All endogenous melanocortin agonists contain the putative amino acid sequence (His)/Phe-Arg-Trp, postulated to be important for melanocortin receptor molecular recognition and stimulation. Further extrapolation of the homology between the antagonist Arg-Phe-Phe motif and the endogenous melanocortin agonist conserved residues Phe-Arg-Trp, implies that the antagonist residues may be mimicking the agonist Phe-Arg-Trp interactions with the melanocortin receptors, as supported by Tota, M. R., et al., “Molecular interaction of Agouti protein and Agouti-related protein with human melanocortin receptors,” Biochemistry, 38:897-904 (1999) and Haskell-Luevano, C., et al., “The agouti-related protein decapeptide (Yc[CRFFNAFC]Y) possesses agonist activity at the murine melanocortin-1 receptor,” Peptides, 21:683-689 (2000).
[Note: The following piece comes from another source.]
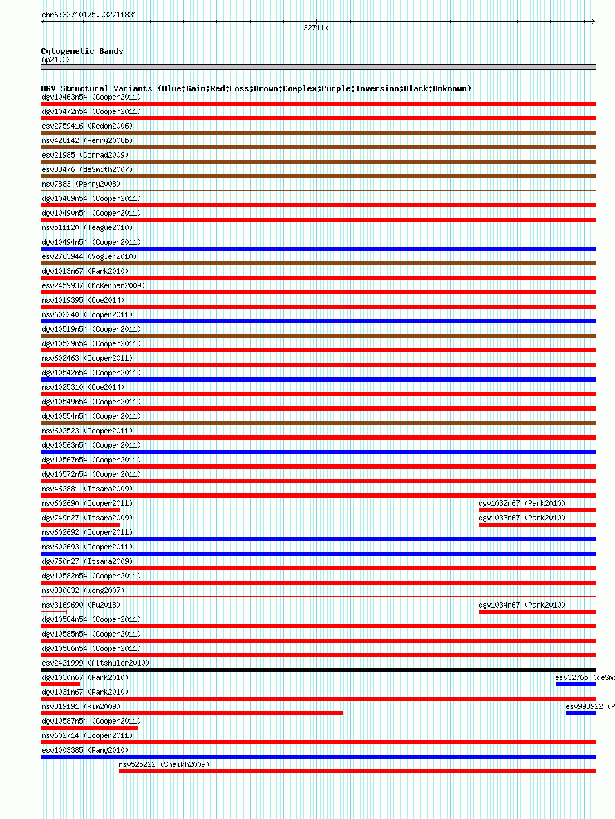 Outerchr6:32710175..32711831hg18UCSC Ensembl
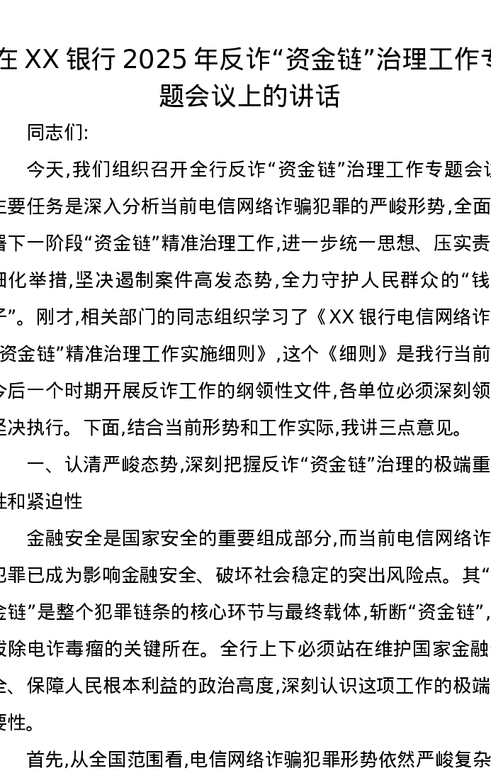 在XX银行2025年反诈“资金链”治理工作专题会议上的讲话

Previous structure-activity studies of the agouti peptide identified the importance of the three amino acid motif Arg-Phe-Phe that is conserved in both agouti and AGRP (see, for example, Kiefer, L. et al., “Mutations in the carboxyl terminus of the agouti protein decrease agouti inhibition of ligand binding to the melanocortin receptors,” Biochemistry, 36:2084-90 (1997)). These studies suggest that the conserved Arg-Phe-Phe motif found in both agouti and AGRP may be important for the antagonistic and molecular recognition properties of these two molecules at the melanocortin receptors.
Tremendous efforts are being performed in attempts to identify genetic disorders resulting in human obesity and to identify drugs that can correct for the dysfunction of these protein polymorphisms. It has been clearly demonstrated that the MC4R, POMC derived endogenous agonists, and endogenous MC4R antagonist Agouti-related protein (AGRP), when modified, result in an obese phenotype in both mice and humans (see, for example, Ollmann, M. M. et al. (1997) Science, 278:135-138; Huszar, D. et al. (1997) Cell, 88:131-141; Hinney, A. et al. (1999) J. Clin. Endocrinol. Metab., 84(4):1483-1486; Yaswen, L. et al. (1999) Nat. Med., 5(9):1066-1070; Yeo, G. S. et al. (1998) Nat. Genet., 20(2):111-112; Vaisse, C. et al. (1998) Nat. Genet., 20(2):113-114; and Hinney, A. et al. (1998) J. Clin. Endocrinol. Metab., 83(10):3737-3741). For example, it has been demonstrated that targeted disruption of the MC4R gene in mice results in hyperphagia and obesity (Huszar, D. et al., “Targeted disruption of the melanocortin-4 receptor results in obesity in mice,” Cell, 88:131-141 (1997)).
MC4R has a role in regulating energy homeostasis and obesity. In humans, more than 50 different single nucleotide polymorphisms (SNPs) of the MC4R gene have been discovered. Up to a remarkable 6% of morbidly obese adults and children studied possess single heterozygous nucleotide polymorphisms (SNPs) of the MC4R. Unfortunately, to date, very little data is available other than hypotheses regarding the structure-function relationship of MC4R to the genetic predisposition to obesity in humans. In view of the need to better understand the genetics behind obesity and its relationship with MCRs, new agents, methods, and compositions for treating or preventing obesity resulting from MC4R polymorphisms need to be identified and developed.